According to Hebashi, Georgia has around 12,000 foreign students but lacks student accommodation in line with international standards.

He said that student housing is among the top five most attractive sectors for investment worldwide, with an annual ROI of 4.5% to 7%, but in Georgia, OTI is offering up to 10%.

Read: Middle East tourist arrivals in Georgia soar 511% year-on-year

Resilient sector

Georgia’s real estate market was not severely affected by the pandemic. In 2020, for example, Swef Land injected $200 million into Georgia by bringing foreign capital into the country.

Meanwhile, OTI Real Estate has brought $500 million to Georgia since 2018 through more than 500 investors, mostly Arabs. The company recently partnered with Kuwait’s Ayar Real Estate to develop tourism resorts and residential projects.

York Towers also made its biggest investment in 2020, acquiring 2 million square metres of strategic land around the Bazaleti Lake, northwest of the capital.

“To invest in such a huge commercial plot, ready with infrastructure, and bring in Arab investors in the middle of the pandemic is a major achievement,” said Shalaby.

Georgia’s GDP is expected to grow by 8.5% in 2021 after an economic contraction of 6.2% in 2020, according to the Asian Development Bank.

“Very few countries recovered this fast and to higher levels than pre-pandemic. As soon as the country opened, there was a huge pent-up demand for travel; people were rushing to visit,” said Shalaby, who works with multiple companies in Georgia.

“Business owners were eager to make up for financial losses and were looking for good opportunities. So, 2021 was a great year for many people and a fortunate time for business,” he said.

Swef Land is holding its first conference, Invest Hub, on 28 December to promote its latest projects, including the new ‘Hollywood Resort’.

The massive development lies in a green valley between two mountains and is surrounded by 44 cultural and archaeological landmarks. It will have a cinematic theme and the country’s longest zipline.

With the market’s recent performance, institutional investors from the Middle East are waking up to Georgia’s potential. But the trend is not entirely new.

One of the first investments from the region came from the UAE-based Ras Al Khaimah Investment Authority, which acquired Sheraton Grand Tbilisi Metechi Palace in 2007 for $68 million.

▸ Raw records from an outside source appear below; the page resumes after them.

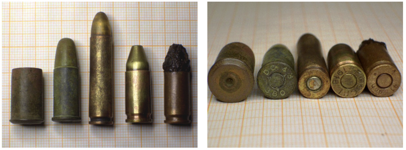 Lo stesso vale per l'eventuale munizionamento, di cui è essenziale riportare misure il più possibile precise - date le dimensioni sarebbe ideale utilizzare un calibro, in mancanza del quale è auspicabile almeno un righello o della carta millimetrata o quadrettata (nota: un solo millimetro può rappresentare una differenza enorme!) ma soprattutto, una foto chiara e nitida del fondello del bossolo, che consente di ottenere immediatamente una serie di informazioni utili.*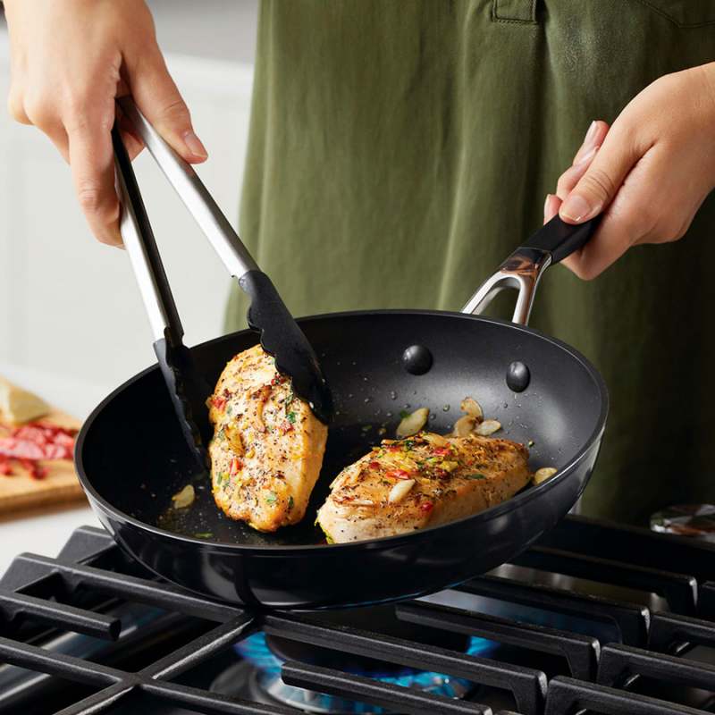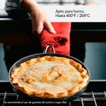 Sartén 25 cm, Negro Onix, elaborado con aluminio anodizado duro, de alta calidad 8 veces más fuerte que el aluminio tradicional, triple capa de antiadherente anodizado duro que cubre incluso los remaches para un rápido desprendimiento de los alimentos y una limpieza sin esfuerzo, permitiendo mantenerla como nueva durante más tiempo. Mango de acero inoxidable con recubrimiento en silicona con doble remache para un agarre seguro, se mantiene frío durante la cocción en la estufa. Hacer un adecuado uso en el horno hasta la temperatura indicada para el producto o parte de este. Apto para cocinas de gas, eléctricas, vitrocerámica y horno hasta 204 °C. No Apta para: - Otros usos diferentes a la cocción y preparación de alimentos. - No exponer a sobrecalentamiento por el uso de los productos con una fuente de calor incompatible o nivel excesivo. - No use productos químicos o limpiadores abrasivos. - Evite el uso de utensilios metálicos o inadecuados con borde afilado.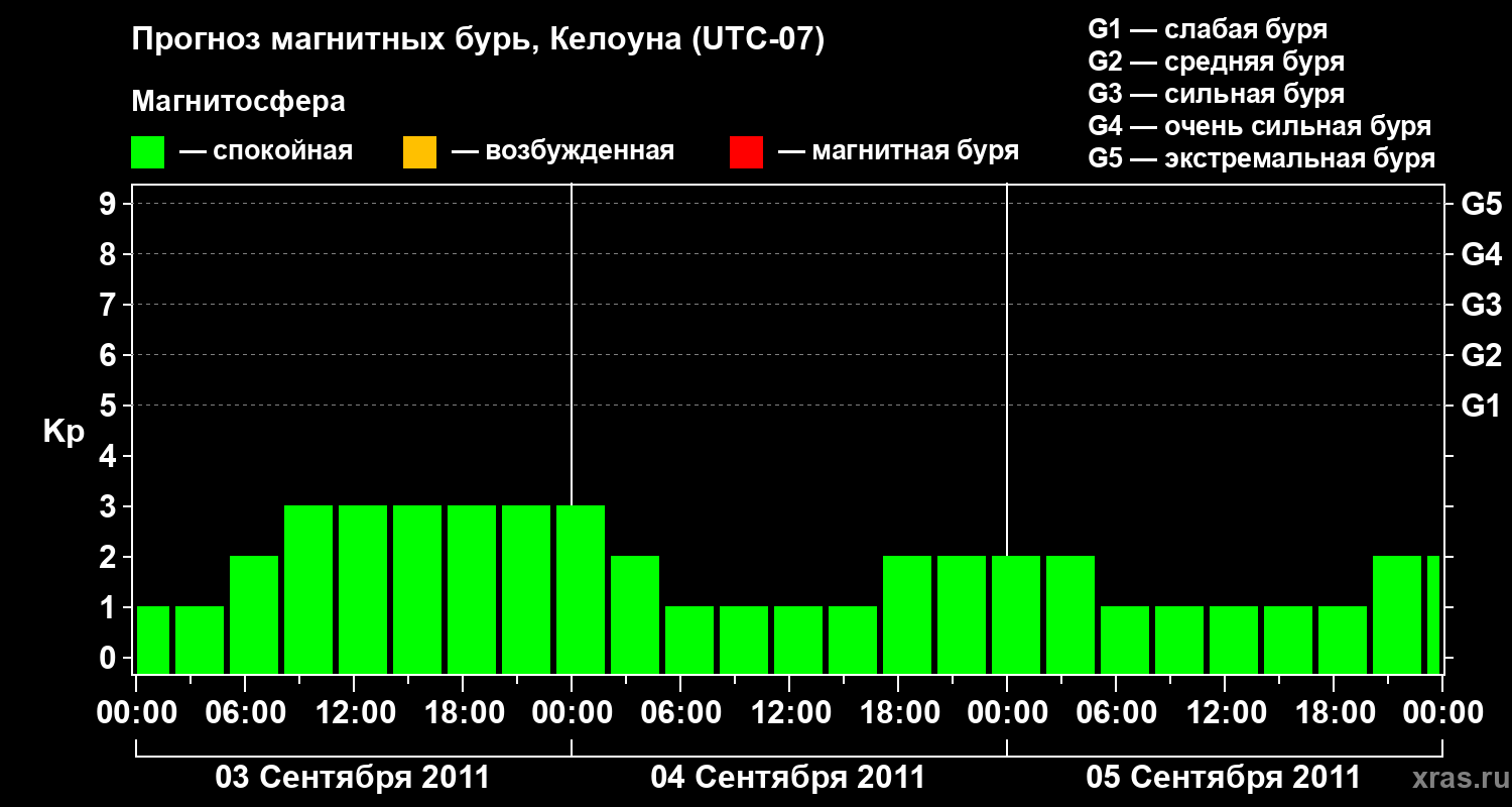 Прогноз магнитных бурь в Келоуне — 3 сентября 2011 года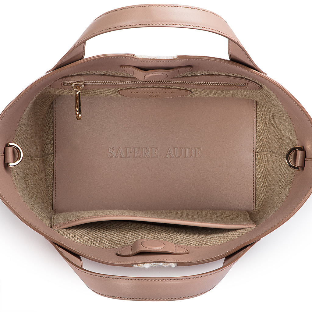 This small Gloriana Tote is part of a limited edition of just 10 pieces. Crafted from Italian calfskin in Roselawn—a soft, powdered mauve-pink with elegant warmth—it’s a serene piece with a distinctly feminine edge. Finished with a pale ivory tweed panel and matching leather strap, and fully lined in breathable Irish linen, the Gloriana brings gentle refinement to everyday style—perfect whether carried by hand or on the shoulder.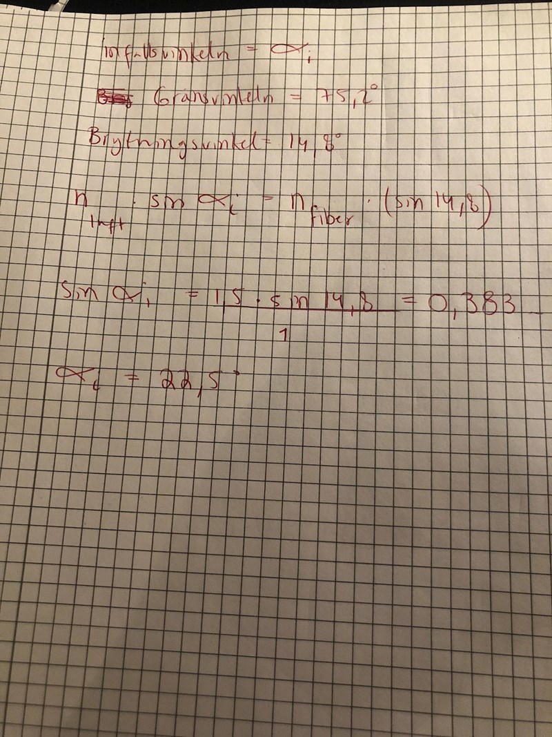 Om gränsvinkeln är 72,5 är ju 3:e vinkeln i den rätvinkliga triangeln 90-75,2=14,8. Det är vad en stråle som har infallsvinkeln=gränsvinkeln i punkten B får för vinkel mot normalen till änden av fibern, dvs utfallsvinkeln i övergången från luft till fiber.

A decade later, the UAE’s now-dissolved Dhabi Group invested $130 million in Biltmore Tbilisi Hotel, which occupies a historical building in the ancient city.

Natural landscapes

While the UAE remains the largest government investor in Georgia among Arab countries, Saudi Arabia accounts for the lion’s share of individual investments, according to Shalaby.

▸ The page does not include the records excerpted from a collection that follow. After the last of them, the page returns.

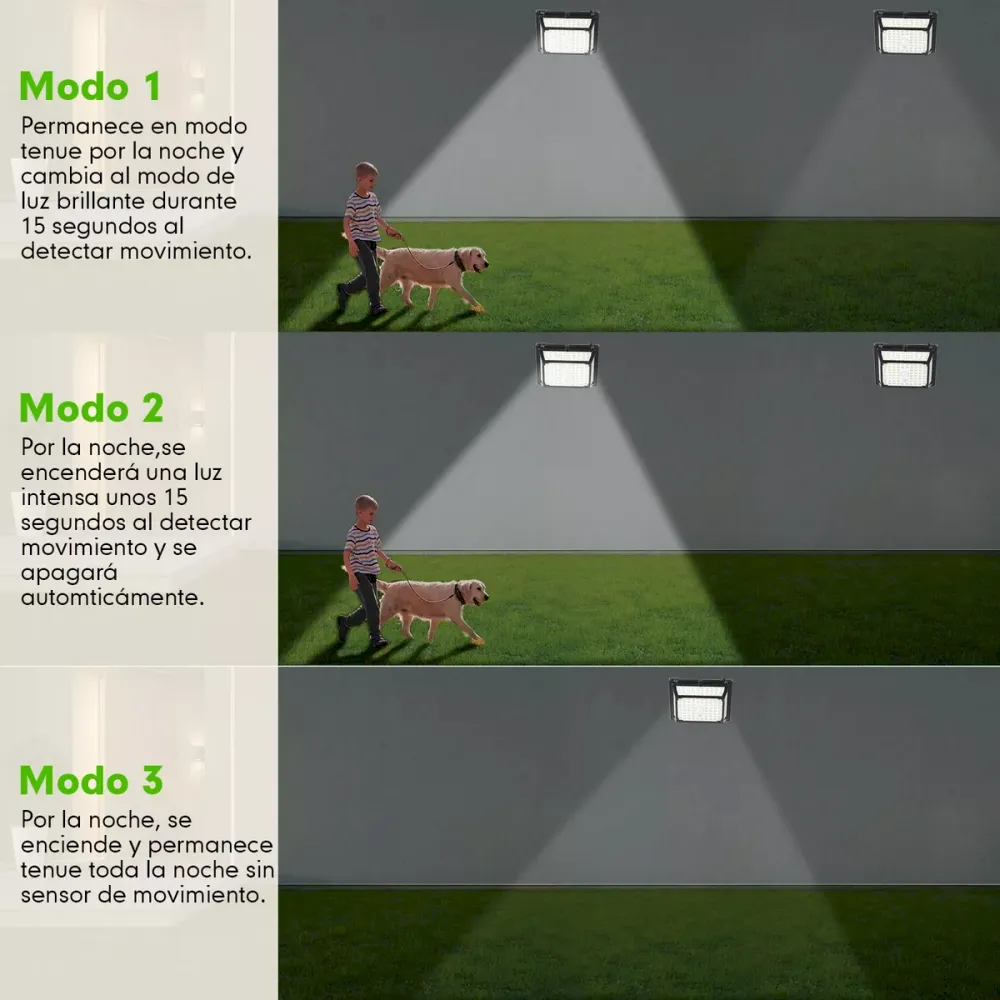 Modos Inteligentes con Sensor: Equipada con sensor radar (3-6 m), control de luz y mando a distancia. Tres modos: 1) Brillo total al detectar movimiento y bajo al irse, 2) Encendido total al detectar y apagado tras irse, 3) Luz máxima continua toda la noche.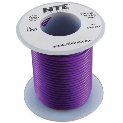 NTE Electronics WH18-07-25 Hook Up Wire, Stranded, Type 18 Gauge, 25' Length, Violet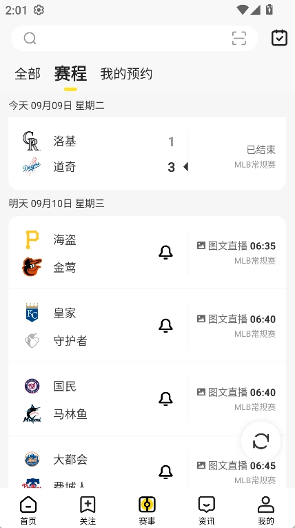 3、打开赛事板块,可查看完整赛程安排,掌握即将进行的比赛时间。

“Saudis are investing in private real estate, including land, apartments, and villas – often multiple properties – in both cities and suburbs; the latter has a higher ROI,” he said.

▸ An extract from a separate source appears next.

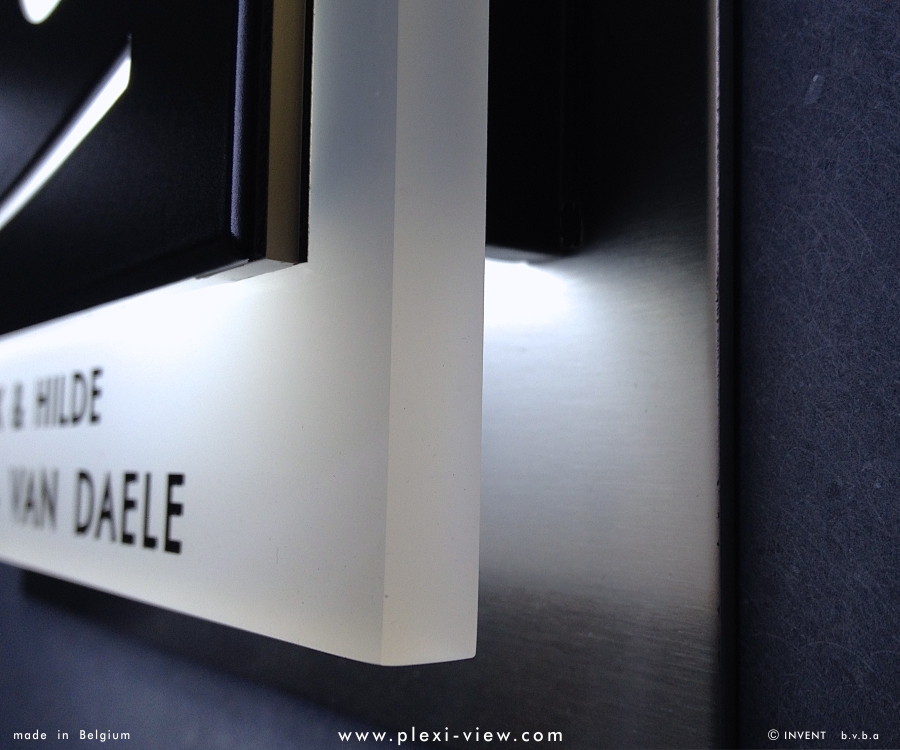 Die Hausnummer ist LED-beleuchtet. Die Namen sind graviert und lackiert.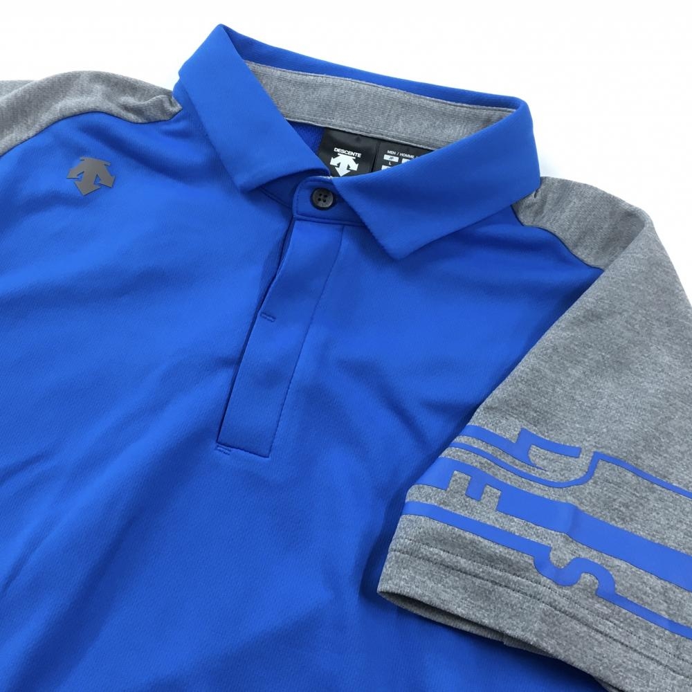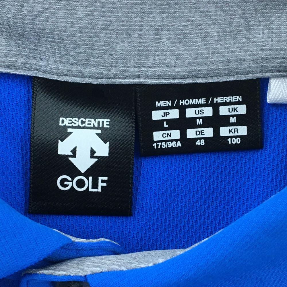 【超美品】デサントゴルフ 半袖ポロシャツ ブルー×グレー ロゴ 中田英寿 メンズ L ゴルフウェア DESCENTE

A large part of Swef Land’s work is focused on the suburbs. The company believes these areas will eventually transform into major population centres due to urban expansion, and therefore, their value will increase.

“Swef Land managed to sell seven projects in one year because it focuses on suburbs. It doesn’t make sense to bring a GCC investor and tell him to invest in a building just like the one in Riyadh, for example. They want to see the beauty of Georgia’s nature,” said Shalaby.